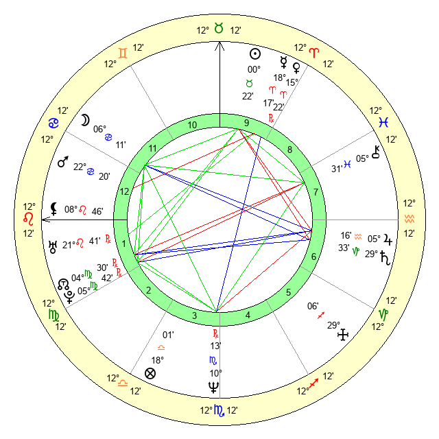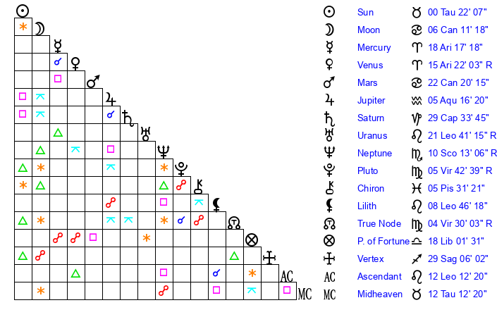 | Sun | 0 Taurus 22 | 0 Taurus 52 | 1 Cancer 58 |
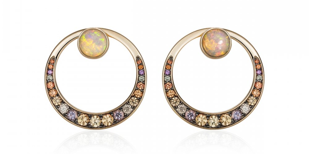 ومن علامة نور فارس Noor Fares، اخترنا لك أقراط ذهب أصفر دائرية عصرية مرصعة بأحجار الياقوت الملونة والأوبال.
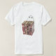 Camiseta fofinha com uma pilha de livros antigos com um fantasma espiante atrás deles.
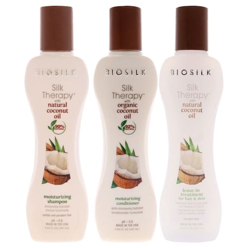 Um óleo de coco natural é formulado especificamente para limpar e nutrir, ao mesmo tempo que fornece hidratação intensa. Infundida com óleo de coco natural e seda, essa linha de produtos é suave o suficiente para o uso diário e oferece óleos hidratantes. É enriquecido com óleo de coco orgânico e seda para limpar e repor a umidade do cabelo. A fórmula segura de cor nutre para fortalecer e recuperar a vitalidade, proporcionando cabelos macios, macios e sedosos.

=-=-=-=-=

### How to complete this task
Repeat the data above exactly, but not the pictures.

### Written solution
 | Sun | 0 Taurus 22 | 0 Taurus 52 | 1 Cancer 58 |
 ومن علامة نور فارس Noor Fares، اخترنا لك أقراط ذهب أصفر دائرية عصرية مرصعة بأحجار الياقوت الملونة والأوبال.
 Camiseta fofinha com uma pilha de livros antigos com um fantasma espiante atrás deles.
 Um óleo de coco natural é formulado especificamente para limpar e nutrir, ao mesmo tempo que fornece hidratação intensa. Infundida com óleo de coco natural e seda, essa linha de produtos é suave o suficiente para o uso diário e oferece óleos hidratantes. É enriquecido com óleo de coco orgânico e seda para limpar e repor a umidade do cabelo. A fórmula segura de cor nutre para fortalecer e recuperar a vitalidade, proporcionando cabelos macios, macios e sedosos.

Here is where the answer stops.